Kudos to President Obama for making a “recess appointment” of Don Berwick to run the Centers for Medicare and Medicaid Services (CMS).

Berwick may be the ideal choice for the job. He is the right candidate at exactly the right time. The new health law makes possible broad reforms in the way we deliver health and long-term care. But it by no means guarantees these changes will be implemented. It will take a tough, commited head of CMS to break through the politics, inertia, and special interests to make the possible real.

As head of the private Insitute for Health Care Improvement (IHI), Berwick was a tireless advocate for high quality, cost-effective medical care. Under his leadership, IHI pressed hospitals to improve routine procedures aimed at saving lives. These included tasks such as routine handwashing and monitoring of mediciations as patients transfer from one care setting to another. Easy to support these ideas, but Berwick was convincing hospitals to actually implement them.  
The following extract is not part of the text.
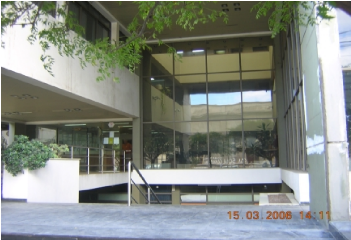
Rodeo del Alto : sobre la ruta 20, ahora funciona el Club de Suboficiales del ejército.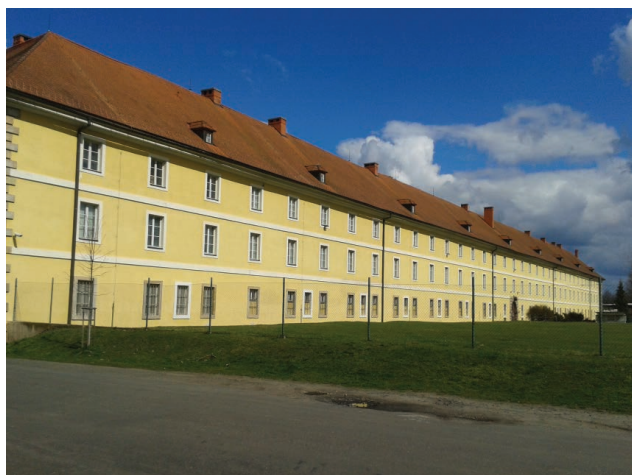
Ryc. 2. Baraki Magdeburskie, miejsce posiedzeń Judenratu. Stan obecny.

Berwick has been an outspoken critic of our fragmented health system for years, pushing instead for more coordinated care. He has argued that as much as half of all health spending is wasted.  
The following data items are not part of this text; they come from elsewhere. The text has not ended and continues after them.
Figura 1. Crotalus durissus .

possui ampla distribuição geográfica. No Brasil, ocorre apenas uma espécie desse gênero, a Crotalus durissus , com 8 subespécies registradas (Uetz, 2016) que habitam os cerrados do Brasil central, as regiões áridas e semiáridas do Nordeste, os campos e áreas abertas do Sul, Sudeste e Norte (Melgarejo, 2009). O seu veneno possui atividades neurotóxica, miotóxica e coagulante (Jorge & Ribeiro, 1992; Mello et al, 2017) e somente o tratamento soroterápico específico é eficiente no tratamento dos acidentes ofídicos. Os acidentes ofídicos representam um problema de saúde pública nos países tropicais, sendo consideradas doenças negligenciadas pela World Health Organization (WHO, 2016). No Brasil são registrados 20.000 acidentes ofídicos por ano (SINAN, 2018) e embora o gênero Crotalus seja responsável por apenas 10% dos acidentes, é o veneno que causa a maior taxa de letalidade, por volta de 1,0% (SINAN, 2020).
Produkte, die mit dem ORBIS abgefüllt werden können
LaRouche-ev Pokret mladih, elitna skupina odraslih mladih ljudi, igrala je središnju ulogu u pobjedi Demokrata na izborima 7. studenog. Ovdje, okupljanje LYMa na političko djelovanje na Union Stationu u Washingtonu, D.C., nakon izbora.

At a time when politicians decry the high cost of health care but are afraid to make the decisions to manage these expenses, Berwick will be in a position to do something about them. As the biggest payers of health care, Medicaid and, especially, Medicare will be well-positioned to drive needed reforms.
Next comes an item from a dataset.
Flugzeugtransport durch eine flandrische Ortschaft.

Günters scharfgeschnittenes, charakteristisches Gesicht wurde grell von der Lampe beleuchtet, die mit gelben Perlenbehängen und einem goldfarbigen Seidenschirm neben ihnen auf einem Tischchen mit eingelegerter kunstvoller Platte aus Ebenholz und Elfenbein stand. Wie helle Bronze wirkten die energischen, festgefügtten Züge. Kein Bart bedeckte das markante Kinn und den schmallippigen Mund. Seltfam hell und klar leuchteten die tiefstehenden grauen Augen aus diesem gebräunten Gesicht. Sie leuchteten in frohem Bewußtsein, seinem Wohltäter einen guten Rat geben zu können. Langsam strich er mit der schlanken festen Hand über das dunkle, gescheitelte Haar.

Despite his credentials, and even though CMS has been without a permanent head for four years, Berwick’s nomination was being blocked by Senate Republicans. In an effort to turn his choice into yet another partisan battle over health reform, they blasted Berwick as “Dr. Death” who would end care for elderly patients.

To listen to the GOP, Berwick would implement the fantastical death panels that health reform critics invented last summer. Their claim is absurd and irresponsible, to say nothing of offensive.  

Berwick will shake things up. He will surely struggle to manage the massive CMS bureaucracy where Medicare and Medicaid officials rarely even talk to one another. And his recess apointment will last only until the end of 2011. But if anyone can begin the process of making today’s medicine more cost-effective while improving patient care, it is Berwick.